4.5. Dit betekent dat de vordering tot herstel van de situatie - opheffing van de blokkering zodat Tempelman-de Niet weer toegang heeft tot internetbankieren met de bankrekeningnummers - in beginsel toewijsbaar is. Uit de stukken blijkt dat het eerste contact tussen partijen over de blokkering van de bankrekeningnummers is geweest op vrijdag 22 juli 2011. Na verschillende telefonische overleggen sindsdien heeft [betrokkene] namens ING op maandag 25 juli 2011 herstel van de toegang tot internetbankieren toegezegd en op dinsdag 26 juli 2011 heeft hij bericht dat de nieuwe inlogcodes ten behoeve van het internetbankieren reeds verzonden en mogelijk al afgeleverd zijn. Dit komt er op neer dat ING drie werkdagen nodig zou hebben gehad om de nieuwe inlogcodes af te leveren bij Tempelman-de Niet. Gelet hierop zal de voorzieningenrechter de vordering toewijzen in die zin dat binnen drie werkdagen vanaf heden, dus vóór dinsdag 2 augustus 2011 om 16:00 uur, ING moet bewerkstelligen dat Tempelman-de Niet op de gebruikelijke wijze via internet inzage heeft in haar bankrekeningen met de nummers [000] en [1111] en hiermee betalingen kan doen zoals is gevorderd. Deze veroordeling zal versterkt worden met een dwangsom van € 25.000,00 per dag of gedeelte daarvan zolang ING in gebreke blijft aan deze veroordeling te voldoen, met een maximum van € 250.000,00.

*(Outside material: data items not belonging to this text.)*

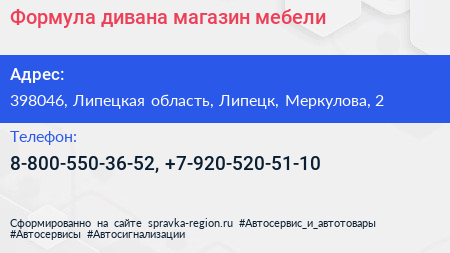 Формула дивана, магазин мебели по адресу 398046, Липецкая область, Липецк, Меркулова, 2 в дальнейшем Организация, размещена в следующих категориях:
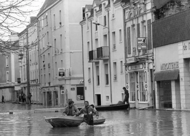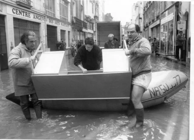 Angers se tranforme en cité lacustre. Deux canots de la Société nationale de sauvetage en mer (SNCM), ont été réquisitionnés par la préfecture et jouent les bâteaux-taxis pour transporter les Angevins. La ville aménage des trottoirs sur des madriers posés sur des parpaings.
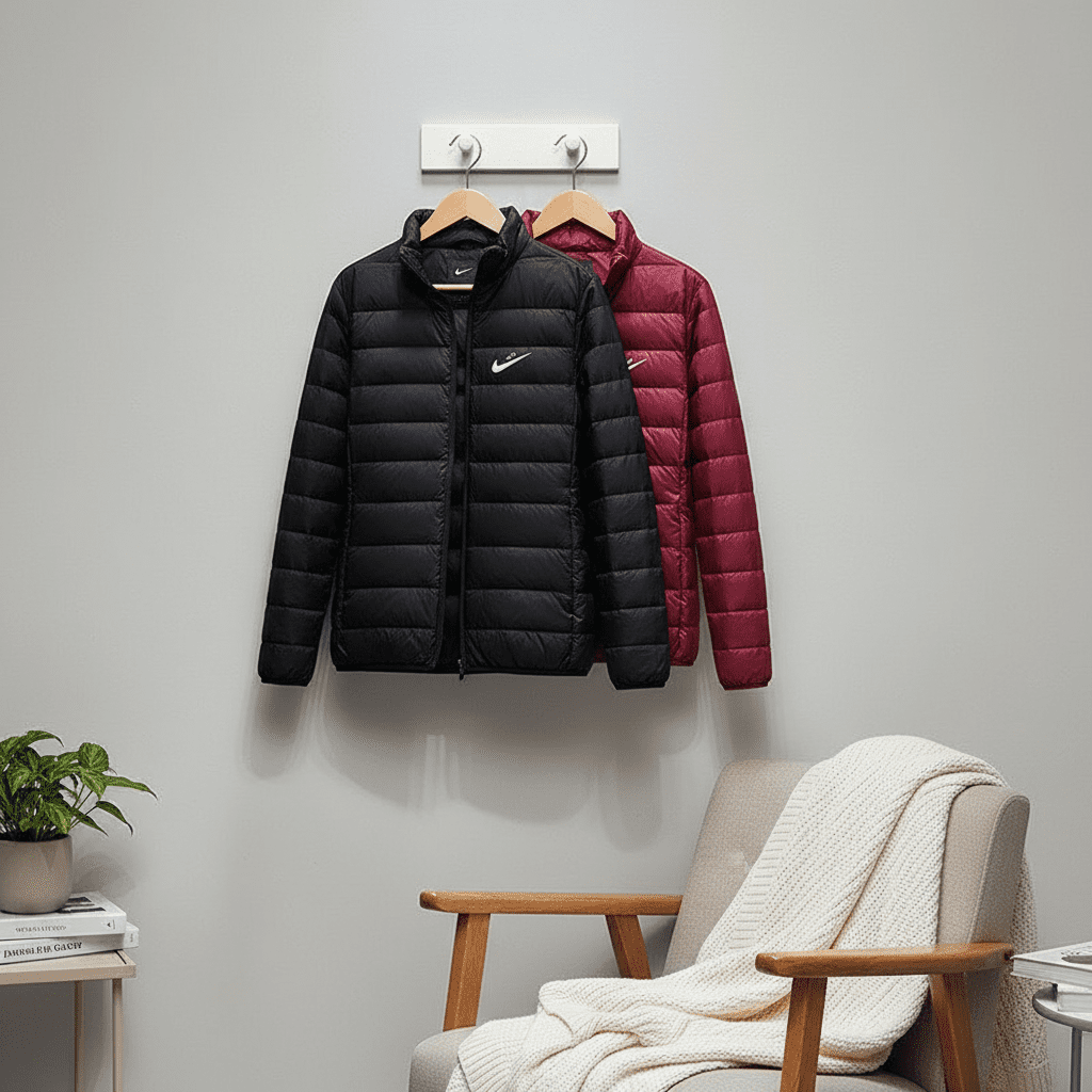 Nike Lightweight Warm Down Jacket for Men and Women, black or wine red, windproof fabric, quilted stand collar, white Swoosh logo, stylish and portable for daily wear and light outdoor activities.

4.6. ING zal als de grotendeels in het ongelijk gestelde partij in de proceskosten worden veroordeeld. De kosten aan de zijde van Tempelman-de Niet worden begroot op:
- dagvaarding € 76,31
- griffierecht € 560,00
- salaris advocaat € 816,00
Totaal € 1.452,31
4.7. De vordering tot veroordeling van ING in de nakosten zal worden toegewezen als na te melden.
5. De beslissing
De voorzieningenrechter
5.1. veroordeelt ING om te bewerkstelligen dat Tempelman-de Niet uiterlijk op
2 augustus 2011 om 16:00 uur op de wijze zoals gebruikelijk via internet inzage heeft in af-
en bijschrijvingen van en op de bankrekeningen met de nummers [000] en [1111] en met deze bankrekeningnummers betalingsopdrachten kan uitvoeren,
5.2. veroordeelt ING om aan Tempelman-de Niet een dwangsom te betalen van
€ 25.000,00 voor iedere dag of gedeelte daarvan dat zij niet aan de in 5.1 uitgesproken hoofdveroordeling voldoet, tot een maximum van € 250.000,00 is bereikt,
5.3. veroordeelt ING in de proceskosten, aan de zijde van Tempelman-de Niet
tot op heden begroot op € 1.452,31, alsmede tot vergoeding van de nakosten bepaald op
€ 131,00 voor salaris advocaat, te vermeerderen met € 68,00, voor het geval betekening van dit vonnis heeft plaatsgevonden en nodig is geweest,
5.4. verklaart dit vonnis tot zover uitvoerbaar bij voorraad,
5.5. wijst het meer of anders gevorderde af.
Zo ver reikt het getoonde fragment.